While I’m asking about offline services, let me ask a related question about
complete online delivery mode. When a user (mission) schedules a pass with
complete online return SLE service, how is the end of the service instance
provision period determined? Is it (a) requested by the mission in the
service request (or, for rule-based scheduling, pre-specified in the
scheduling rules), or (b) calculated by the network on a pass-by-pass basis
and configured accordingly?

As you may know, in the Blue-1 version of Service Management, the mechanism
for setting complete (as well as timely) online service instance provision
periods is through start and stop time relative offsets specified in Transfer
Service Profiles. The relative offsets are with respect to the space link
carriers with which they are attached. This allows the service instance
provision periods to “float” in the scheduling process with the flexibilities
applied to the scheduling of the space link carriers. For example, profile
RAF7 could have a start-time offset of 0 seconds, and a stop-time offset of
+300 seconds. If profile RAF7 is applied to a space link carrier profile that
is used to schedule a return space link carrier from 1100 to 1115, the RAF
service instance associated with profile RAF7 will be scheduled from 1100 to
1120 (1115 plus 5 (300 seconds)).

The Blue-1 approach may be too simplistic, and as we develop requirements for
the next generation of Service Management, I would like to collect
information on how it is actually done today, and more importantly, how it
might be better done in the future.

Thanks in advance for your help.

Best regards,
John


From: John Pietras
Sent: Thursday, February 02, 2012 4:18 PM
To: Stephen.Bernsee at gdc4s.com; 'Douglas.Barnhart at gdc4s.com'
Cc: 'Degumbia, Jonathan D. (GSFC-444.0)[OMITRON]'; Gawne, Bill
(GSFC-444.0)[HONEYWELL TECH. SOLUTIONS]
Subject: RE: Considerations for SLE and uncertain terrestrial bandwidth

Steve and Doug,
As you know, one of the special topics that’s being carried for the SM
Development WG is related to whether SM needs to know about terrestrial
bandwidth, especially with regard to playbacks. One facet that came up in the
discussion is how return SLE services are affected by bandwidth
considerations. Here are some thoughts on the affects of variable bandwidth
on SLE transfer services.

Return SLE service have three delivery modes: timely online, complete online,
and offline.

      1.       In the timely online mode, the SLE service instance attempts
      to send the data units (e.g., transfer frames) across the TCP
      connection as soon as it gets the data units (i.e., at the downlink
      rate). However, if the link under the TCP connection doesn’t have a
      matching data capacity, the SLE service instance will discard data that
      can’t be sent, based on a service-management-configured parameter. If
      the terrestrial comm link is running at slightly above the downlink
      rate (slightly above accounts for SLE overhead) and the link is clean,
      all frames will normally get transferred and only if the network
      experiences unanticipated (temporary) congestion will frames be
      discarded. So not all frames are guaranteed to get through, but those
      that do are guaranteed to be delivered within a defined latency (hence
      “timely”). As far as SM is concerned, it doesn’t matter if the SLE
      service is given more time than the contact – it couldn’t transfer any
      more data if it had the extra time. However, if the event is scheduled
      such that it competes for the terrestrial bandwidth with other events,
      then the MOC will experience data loss as the service instance
      routinely discards because of the too-low available bandwidth.

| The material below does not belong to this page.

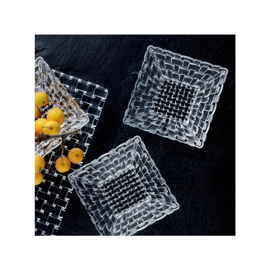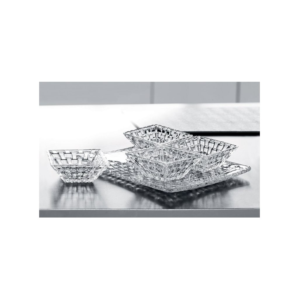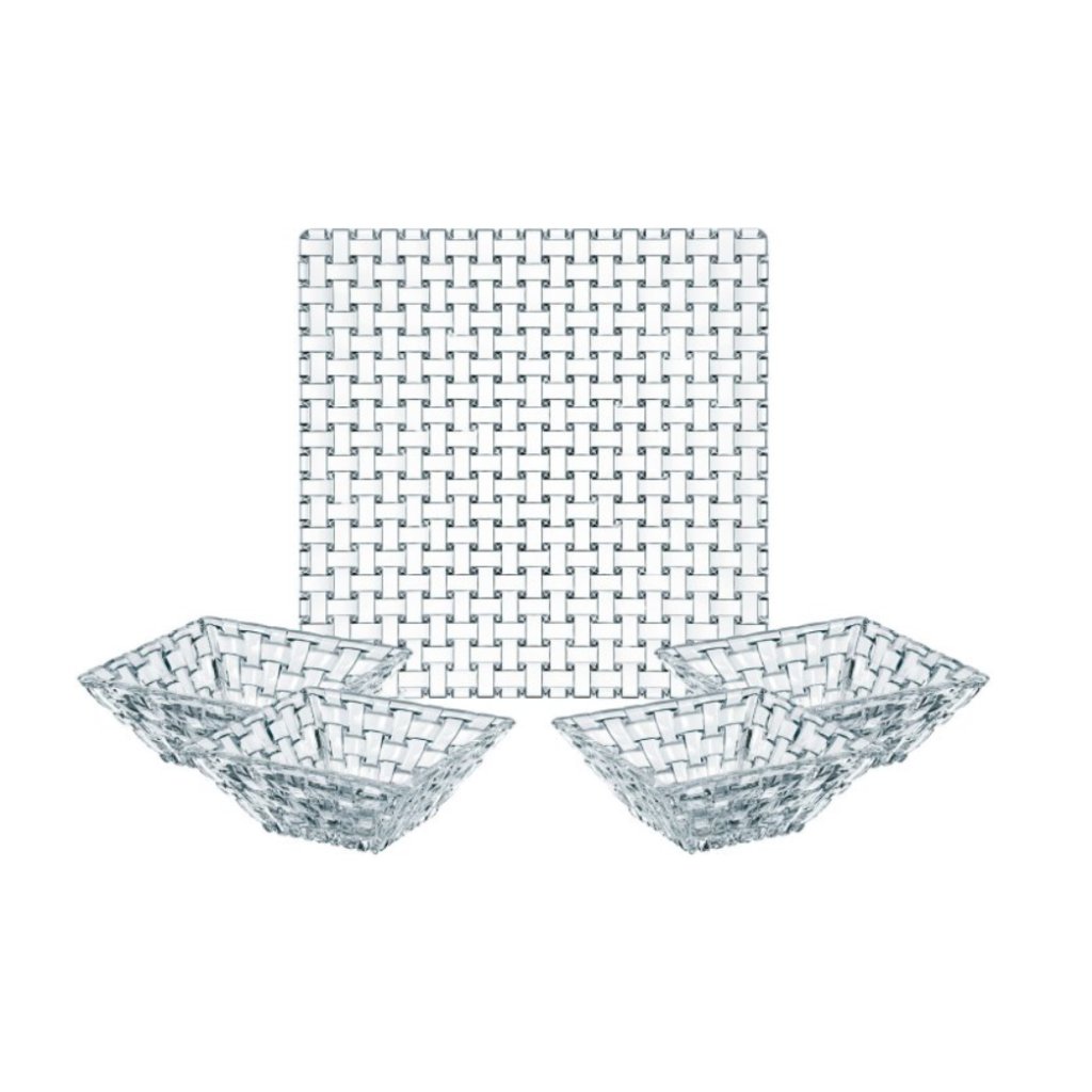 Servírovacia súprava obsahuje 1 štvorcový tanier a 4 malé misky. Súprava je vhodná na servírovanie slaných a sladkých pochúťok, ako sú sušené ovocie, orechy, olivy, rôzne druhy omáčok a iné pochúťky. Výrobky možno bezpečne umývať v umývačke riadu.

      2.       In the complete online mode, the SLE service instance also
      attempts to send the data units across the TCP connection as soon as it
      gets the data units, but if the link under the TCP connection doesn’t
      have a matching data capacity, the SLE service instance will buffer
      data until it can be sent, as long as the service instance is enabled.

      In the SLE transfer service specifications, the time during which the
      service instance is scheduled to be provided (and thus enabled) is the
      service instance provision period. The SLE transfer service
      specifications do not say how the service instance provision period is
      to be specified in the Service Package. In SCCS-SM, the transfer
      service profiles specify relative offsets from the space link carriers
      with which they are attached. This allows the service instance
      provision periods to “float” in the scheduling process with the
      flexibilities applied to the scheduling of the space link carriers. For
      example, profile RAF7 could have a start-time offset of 0 seconds, and
      a stop-time offset of +300 seconds. If profile RAF7 is applied to a
      space link carrier profile that is used to schedule a return space link
      carrier from 1100 to 1115, the RAF service instance associated with
      profile RAF7 will be scheduled from 1100 to 1120 (1115 plus 5 (300
      seconds)). Note that we made the start and stop offsets respecifiable
      so that, for example, for a particular Service Package Request the UM
      could change the RAF 7 stop-time offset to +600 seconds for that
      particular request.

      Note, too, that in SCCS-SM the online SLE transfer services are
      considered part of the Service Package, so the Service Package does not
      stop executing (i.e., “end”) until the completion of the last-ending
      space link carrier or SLE transfer service.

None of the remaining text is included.